2: Skydiver decides not to cut away the main canopy, because there is a risk the main will tangle with the reserve. Reserve canopy goes forward and strikes the main canopy.

3: Skydiver fights for main canopy. Main and reserve canopies assume biplane position (one of two possible positions where both canopies can work together).

A malfunction is a partial or total failure of a parachuting device to operate as intended. Malfunctions may require a skydiver to cut away their main parachute and deploy the reserve parachute.

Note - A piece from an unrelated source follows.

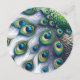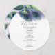 This wedding menu card features a top boarder of watercolor peacock feathers in shades of royal blue, purple and green. The card reverses to a matching peacock feather pattern. Use the template fields to DIY your personalized details. The elegant round design is a charming choice for garden and boho wedding themes. To see more custom wedding dinner menus and ideas like this visit www.zazzle.com/dotellabelle

==High-speed malfunctions==
===Pilot chute in tow===
This happens with the popular throw-out deployment system where the pilot chute does not pull the pin and open the container or once opened does not exert enough force to extract the deployment bag from the container. It can be caused by pilot chutes with kill lines that have not been cocked during packing or where the kill line has shrunk through use and reduces the drag of the pilot chute. It can be caused by a mis-routed pilot chute bridle. It can also be caused by too large a deployment bag and canopy for the container, although deployment bags should be matched to the containers. The correct procedure with this malfunction is to deploy the reserve from a stable belly down position. If time permits, the skydiver might first attempt to bump their container to dislodge a trapped deployment bag. If this malfunction is temporary and clears, it is called a pilot chute hesitation.

===Bag lock===
This malfunction occurs when the deployment bag is extracted from the main container, but fails to release the canopy within. The correct procedure to handle the malfunction is to cut away the main and deploy the reserve.

===Horseshoe===
A "horseshoe" describes a malfunction where a parachute deploys, but remains attached to a skydiver by its risers and at least one other point. This prevents the canopy from opening properly and the canopy and lines form a horseshoe shape extending from the risers up and then back down again to the other point where the parachute remains attached to or entangled with the skydiver. This malfunction may occur when the closing pin of a skydiving rig is released from the closing loop and allows the deployment bag to separate from the container. Because the pilot chute is still stowed, the malfunction takes on the shape of a horseshoe. This malfunction may also occur if the pilot chute or bridle connecting the pilot chute to the canopy becomes entangled with the skydiver. It is possible, though rare, to experience this type of malfunction when one or more parachute lines entangle with or snag on some portion of the parachute rig.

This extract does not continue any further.